Data from the Uganda Tourism Board, the national tourism marketing agency shows Uganda recorded a 1.5% growth in international tourist arrivals to 1.32 million in the 2016/17 financial year.

The U.S is said to have contributed the biggest number of visitors to Uganda with 57,959, followed by the U.K (39,539), India (30,210), China (19,179) and Germany (10,586). Among visitors from Africa, Rwanda contributed the biggest number of visitors (362,865), followed by Kenya (352,817), DR Congo (90,148), Tanzania (86,091) and Sudan (35,353).

Of all the total arrivals during the year, 18% visited for purposes of leisure, recreation and holiday, 22% visited for business and professional conferences, 38% visited for other reasons such as transit, education and medical.

As a result, tourism remains the country’s leading foreign exchange earner bringing in U.S $ 1.4bn (about Shs 5.1 trillion) that year. This is almost three times the revenue Uganda earned a decade earlier (US $498.3 million).

Executives in the sector link the sudden interest in Uganda as a top tourism destination to the recent recruitment of three marketing firms that have been selling Uganda in Europe and North America.

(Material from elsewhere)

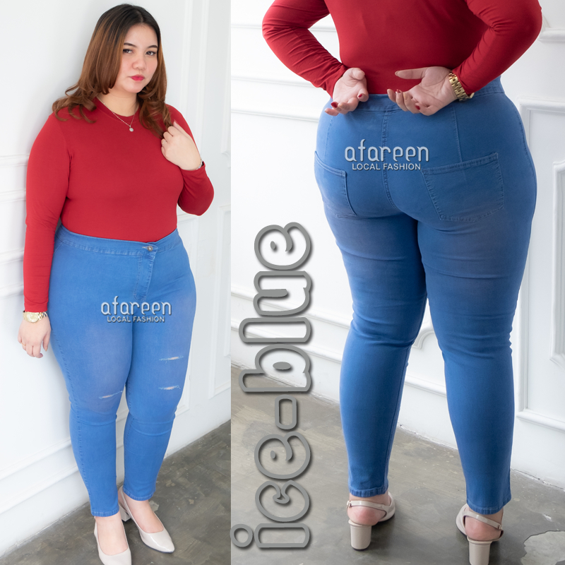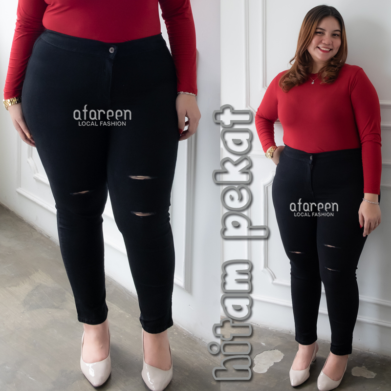 AFAREEN - HW Sobek Jeans Wanita Highwaist Sobek Tembus Super Jumbo Jeans HWS Big Size 35-43

In the national budget for FY 2018/19 the Ministry of Finance, Planning and Economic Development said the procurement of market destination representation firms has so far yielded good results. As a result the government expected to rake in twice as much as much (U.S $ 2.7bn) every year by 2020 from the sector. The projection was that tourist arrivals will have hit four million.

It is not clear now how the kidnap and rescue of the American will affect those plans. Members of the Association of Uganda Tour operators have in the past spoken about how unrest and similar incidents scare away tourists who suddenly cancel their trips.